1

Why C + +, create a Unicode file if you try to write a structure like this in the file? Part of the code:

struct stEjemplo
{
    char cadena1[9];
    char cadena2[9];
};

Write what I write in cadena1 and cadena2 shows me something like this in the file:

㈱㐳㘵㠷㠀㘷㐵㈳o

Example:

fstream file("File.dat");
if(!file.is_open())
{
    file.open("File.dat", ios::in | ios::out | ios::trunc);
}
stEjemplo somest = {0};
strcpy(somest.origen, "SomeText");
strcpy(somest.destino, "SomeText");
file.clear();
file.seekg(0,ios::beg); //ios::end if existing information
file.write(reinterpret_cast< char*>(&somest), sizeof(stEjemplo));
file.close();

Results this:

潓敭敔瑸匀浯呥硥t

Note the "t" in final (is the "t" in final of the second "SomeText")

But if my structure was:

struct stEjemplo
{
    int number; //then I assign 1324
    char cadena1[9];
    char cadena2[9];
};

Results: , SomeText SomeText or

struct stEjemplo
{
    bool x; //then I assign true o false
    char cadena1[9];
    char cadena2[9];
};

would result something like: SomeText SomeText

EDIT:

If the 00 (NULL character) in hex editor is set in odd position (starting at 0, for example: 1, 3, 5, 7, 9, etc etc) I have the problem, but if the 00 is set in a pair position and is not preceded by another 00, the problem is solved.

Skl
  • 13
  • 3
  • Why a reinterpret_cast? – rubenvb Jul 02 '14 at 05:52
  • Similar to (char *) in C. reinterpret_cast is a c++ style cast. – Skl Jul 02 '14 at 06:01
  • check for struct alignment and `#pragma pack` – pepper_chico Jul 02 '14 at 06:02
  • the compiler is free to align members as he wishes if you don't say otherwise. – pepper_chico Jul 02 '14 at 06:03
  • Could you give me an example? i try it but the results is the same. – Skl Jul 02 '14 at 06:14
  • This seems like a locale issue. Try to imbue classic locale for encoding facet. – ALittleDiff Jul 02 '14 at 06:24
  • If you use `ostream::write` to write a `struct` to a file, use binary mode `ios::binary` and use `istream::read` to read it back. The resulting file would be binary data, not Unicode and not ASCII (there is no such thing as "ANSI file"). It would make little sense to open it in a text editor. If you want a text file, open in text mode and write strings. – n. 'pronouns' m. Jul 02 '14 at 06:49
  • Funny thing, if I do the same in another part of the project, it works as it should, that's weird. And about ANSI and UNICODE files, I put that because in Notepad (windows 7 btw) appears: Encoding: ANSI, UNICODE, UNICODE big endian, UTF-8. I used binary files, but by chance use text file. Let me try to see how it goes. – Skl Jul 02 '14 at 06:57
  • On ANSI: http://stackoverflow.com/questions/701882/what-is-ansi-format – n. 'pronouns' m. Jul 02 '14 at 07:06
  • @user3793540 ah yes, you're passing the structure. I would dare to say this is undefined behaviour because there may be padding added to the struct which you are ignoring. – rubenvb Jul 02 '14 at 07:10

3 Answers3

3

You are opening File.dat in your text editor as UTF-16LE when it quite clearly isn't, open it in plain ASCII or UTF-8 (or even use a hex editor) and you should see the strings.

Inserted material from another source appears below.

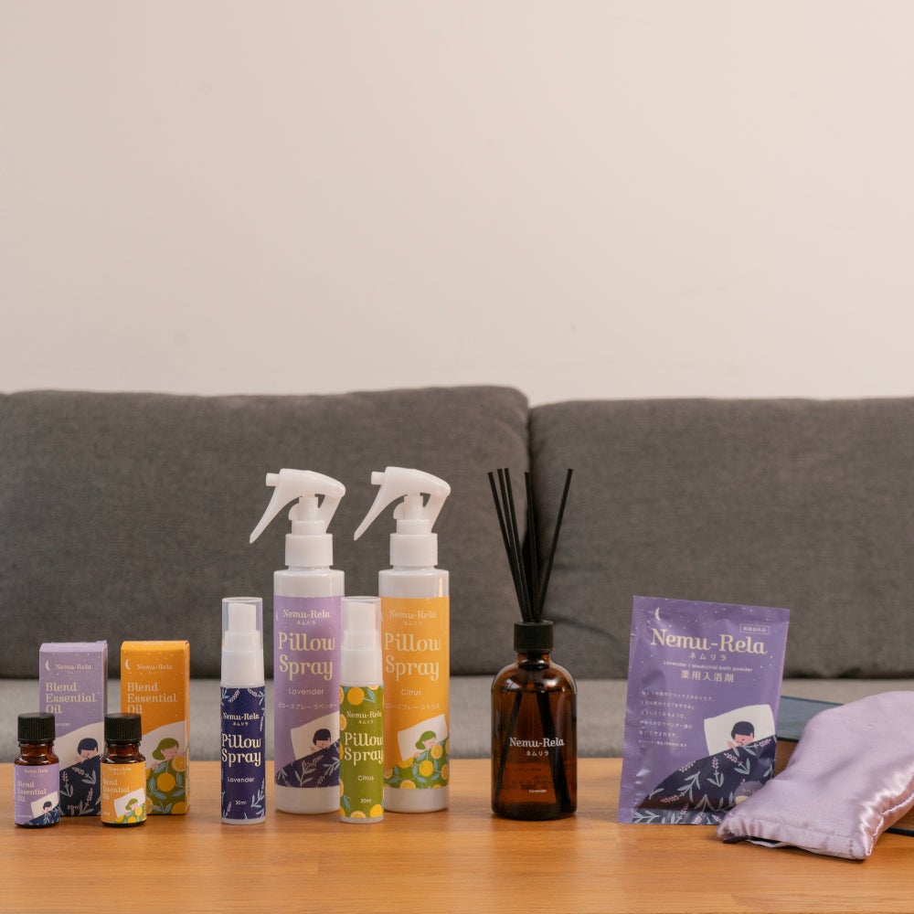 眠りの環境を整える、ネムリ×リラックスのシリーズ。お部屋アロマ~入浴剤などをラインナップ。

潓敭敔瑸匀浯呥硥t corresponds to the UTF-16LE sequence

53 6F 6D 65 54 65 78 74 00 53 6F 6D 65 54 65 78 74 00

guess what this is when read as plain ASCII / UTF-8?

user657267
  • 19,343
  • 5
  • 50
  • 73
  • @user657257 Yes, buy I don't know why GCC inserts a "ff fe" at the beginning of cadena1[] If I fill all the string! Is the first time that I have a problem in that way. – Skl Jul 02 '14 at 09:29
  • @Skl GCC isn't adding the BOM, your editor is (Notepad presumably?). Delete `File.dat`, run the app again, and read the file with a hex editor or a another text editor like Notepad++. – user657267 Jul 02 '14 at 09:33
  • Yes, I'm use Notepad (Windows 7). On the other hand, I deleted all of the code that must treat the contents of the structure and the file and I've rewritten differently, certainly more orderly, and erased the file. I ran the program and now it appears: 潓敭敔瑸匀浯呥硥t (in the notepad appear rectangles), (my structure is the same). I opened it with the hex editor, grouped by bytes, and appears without BOM. But if grouped by WORDS (this agroup two bytes), appears as in Notepad (rectangles). Then opened it in Notepad++ and appears: SometextNULSometextNUL I guess the problem is already solved. Thanks. – Skl Jul 03 '14 at 22:32
0

This is a bad way of handling things. It may even be undefined behavior (due to padding of the struct members).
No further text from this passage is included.